Effects of Strongly Enhanced Atmospheric Methane Concentrations in a Fully Coupled Chemistry-Climate Model

In a previous study the quasi-instantaneous chemical impacts (rapid adjustments) of strongly enhanced methane (CH4) mixing ratios have been analyzed. However, to quantify the influence of the respective slow climate feedbacks on the chemical composition it is necessary to include the radiation driven temperature feedback. Therefore, we perform sensitivity simulations with doubled and fivefold present-day (year 2010) CH4 mixing ratios with the chemistry-climate model EMAC and include in a novel set-up a mixed layer ocean model to account for tropospheric warming.
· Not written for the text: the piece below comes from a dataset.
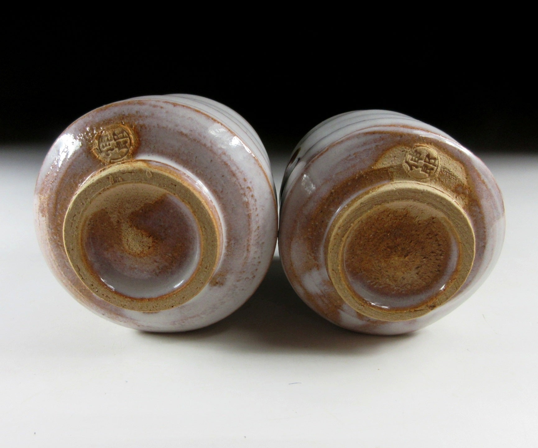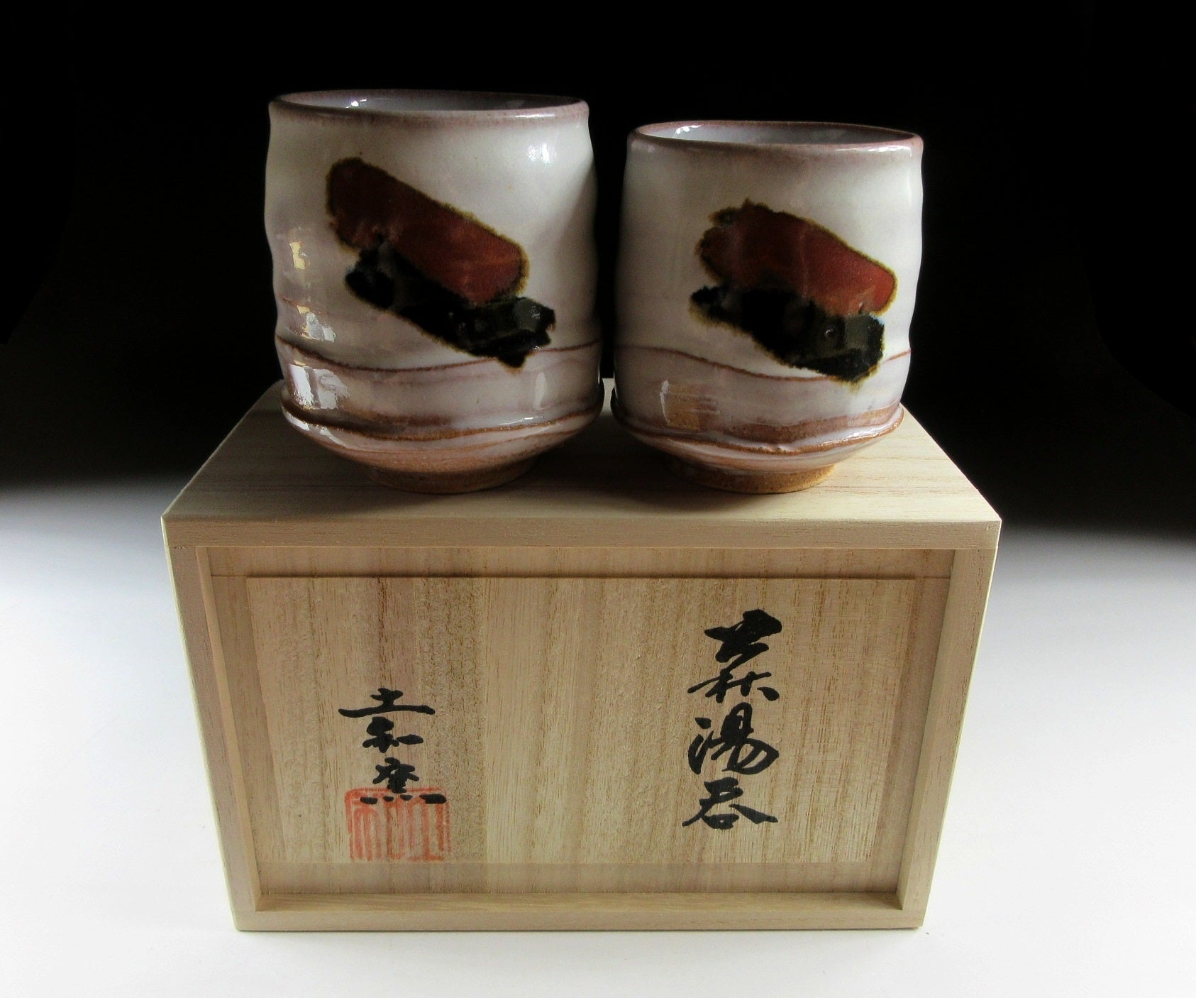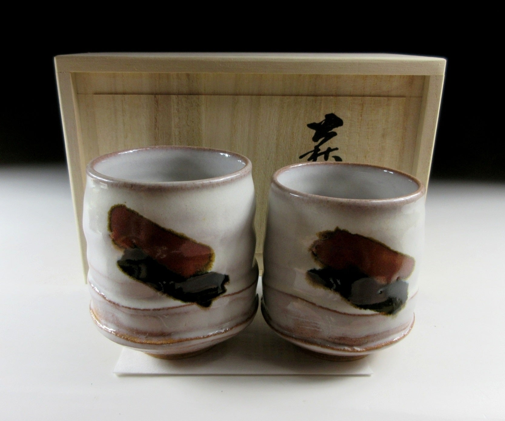 This listing is for a pair of Hagi-ware yunomi style tea cups made by noted potter, Tomehara Nobuo. They are wheel-thrown and coated in white straw ash glaze, and the front features red and black brush markings. The surface consists of horizontal grooves and these cups are what we call meoto style, meaning they are two different sizes and often referred to as a husband and wife pair. The stamp of the potter can be found on the bottom of each cup, and they come with their original signed wooden storage box. They also come with a Japanese language profile about the kiln and potter.

We find that the slow climate feedbacks counteract the reduction of the hydroxyl radical in the troposphere, which is caused by the strongly enhanced CH4 mixing ratios. Thereby also the resulting prolongation of the tropospheric CH4 lifetime is weakened compared to the quasi-instantaneous response considered previously. Changes in the stratospheric circulation evolve clearly with the warming of the troposphere. The Brewer-Dobson circulation strengthens, affecting the response of trace gases, such as ozone, water vapour and CH4 in the stratosphere, and also causing stratospheric temperature changes. In the middle and upper stratosphere, the increase of stratospheric water vapour is reduced with respect to the quasi-instantaneous response. Weaker increases of the hydroxyl radical cause the chemical depletion of CH4 to be less strongly enhanced and thus the in situ source of stratospheric water vapour as well. However, in the lower stratosphere water vapour increases more strongly when tropospheric warming is accounted for enlarging its overall radiative impact. The response of the stratospheric adjusted temperatures driven by slow climate feedbacks is dominated by these increases of stratospheric water vapour, as well as strongly decreased ozone mixing ratios above the tropical tropopause, which result from enhanced tropical upwelling. While rapid radiative adjustments from ozone and stratospheric water vapour make an essential contribution to the effective CH4 radiative forcing, the radiative impact of the respective slow feedbacks is rather moderate. In line with this, the climate sensitivity from CH4 changes in this chemistry-climate model setup is not significantly different from the climate sensitivity in carbon dioxide-driven simulations, provided that the CH4 effective radiative forcing includes the rapid adjustments from ozone and stratospheric water vapour changes.